3. Teori Pragmatisme
Pragmatisme menguji kebenaran dalam praktek yang dikenal para pendidik sebagai
metode project atau metode problem solving dalam pengajaran. Mereka akan benar hanya jika
mereka berguna dan mampu memecahkan problem yang ada. Artinya sesuatu itu benar, jika
mengembalikan pribadi manusia di dalam keseimbangan dalam keadaan tanpa persoalan dan
kesulitan. Sebab tujuan utama pragmatisme ialah supaya manusia selalu ada di dalam
keseimbangan, untuk ini manusia harus mampu melakukan penyesuaian dengan tuntutantuntutan lingkungan.
Dalam dunia pendidikan, suatu teori akan benar jika ia membuat segala sesutu menjadi
lebih jelas dan mampu mengembalikan kontinuitas pengajaran, jika tidak, teori ini salah. Jika
teori itu praktis, mampu memecahkan problem secara tepat barulah teori itu benar. Yang dapat
secara efektif memecahkan masalah itulah teori yang benar (kebenaran).
Teori pragmatisme (the pragmatic theory of truth) menganggap suatu pernyataan, teori
atau dalil itu memliki kebenaran bila memiliki kegunaan dan manfaat bagi kehidupan manusia
(Musrida, 2010). Salah satu contoh teori ini dalam matematika adalah pada trigonometri
pengukuran sudut berguna untuk menentukan arah, kemiringan bidang atau mendesain dan
membuat suatu bangun ruang. Kaum pragmatis menggunakan kriteria kebenarannya dengan
kegunaan (utility), dapat dikerjakan (workability) dan akibat yang memuaskan (satisfactor
consequence). Oleh karena itu, tidak ada kebenaran yang mutlak/ tetap, kebenarannya

tergantung pada manfaat dan akibatnya. Akibat/ hasil yang memuaskan bagi kaum pragmatis
adalah :
1. Sesuai dengan keinginan dan tujuan
2. Sesuai dengan teruji dengan suatu eksperimen
3. Ikut membantu dan mendorong perjuangan untuk tetap eksis (ada)

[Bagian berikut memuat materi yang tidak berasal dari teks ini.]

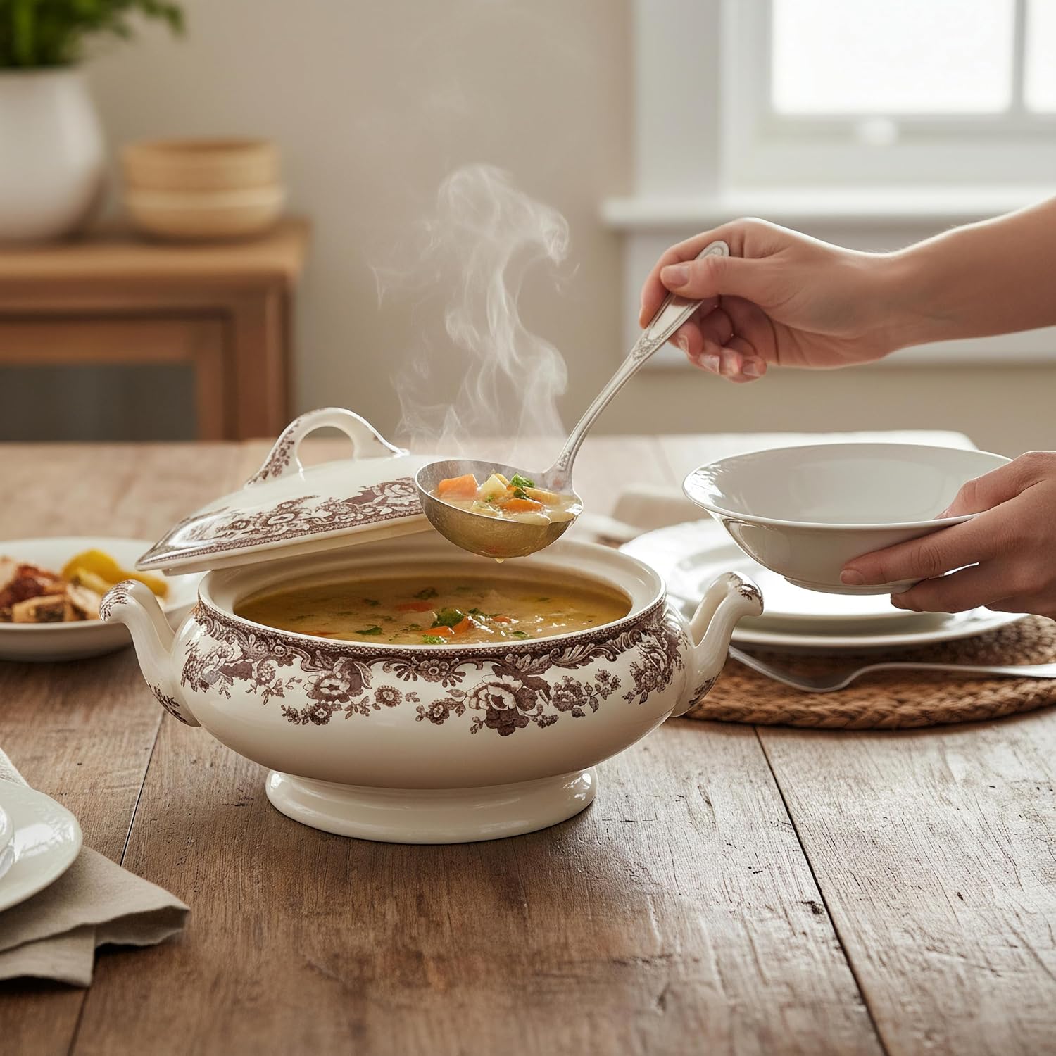Elevate your table setting with the Spode Delamere Covered Vegetable Dish, a refined piece of porcelain serveware that blends practicality with traditional elegance. Part of Spode’s cherished Delamere collection, this covered dish showcases the intricate British Flowers pattern, drawn from the brand’s historic archives. Its delicate floral design enhances both formal occasions and everyday family meals, making it a versatile choice for your kitchen and dining room. Designed for multiple uses, this covered serving bowl is perfect for presenting hot vegetables, stews, casseroles, and side dishes. The generous 6.9"H x 12.2"W x 9.4"D dimensions allow for ample portions, while the matching lid helps maintain food warmth and flavor throughout your meal. Crafted from durable porcelain, this dish combines lasting strength with timeless beauty, ensuring it remains a staple on your dining table. Convenience meets elegance with this multi-functional piece, as it is dishwasher safe, microwave safe, freezer safe, and oven safe, offering unmatched versatility. Whether you’re preparing meals ahead of time, reheating in the microwave, or presenting straight from the oven, this serving dish adapts effortlessly to your needs. The Spode Delamere vegetable server is more than just functional—it is a statement piece of heritage tableware. It makes an excellent choice for holiday entertaining, weddings, anniversaries, or as a thoughtful gift for loved ones. Enhance your dining experience with this exquisite piece of porcelain serveware that seamlessly blends tradition with everyday practicality.

Teori ini merupakan sumbangan paling nyata dari pada filsuf Amerika tokohnya adalah
Charles S. Pierce (1914-1939) dan diikuti oleh Wiliam James dan John Dewey (1852-1859).
Wiliam James misalnya menekankan bahwa suatu ide itu benar terletak pada
konsekuensi, pada hasil tindakan yang dilakukan. Bagi Dewey konsekuensi tidaklah terletak di
dalam ide itu sendiri, malainkan dalam hubungan ide dengan konsekuensinya setelah dilakukan.
Teory Dewey bukanlah mengerti obyek secara langsung (teori korepondensi) atau cara tak
langsung melalui kesan-kesan dari pada realita (teori konsistensi). Melainkan mengerti segala
sesuatu melalui praktek di dalam problem solving.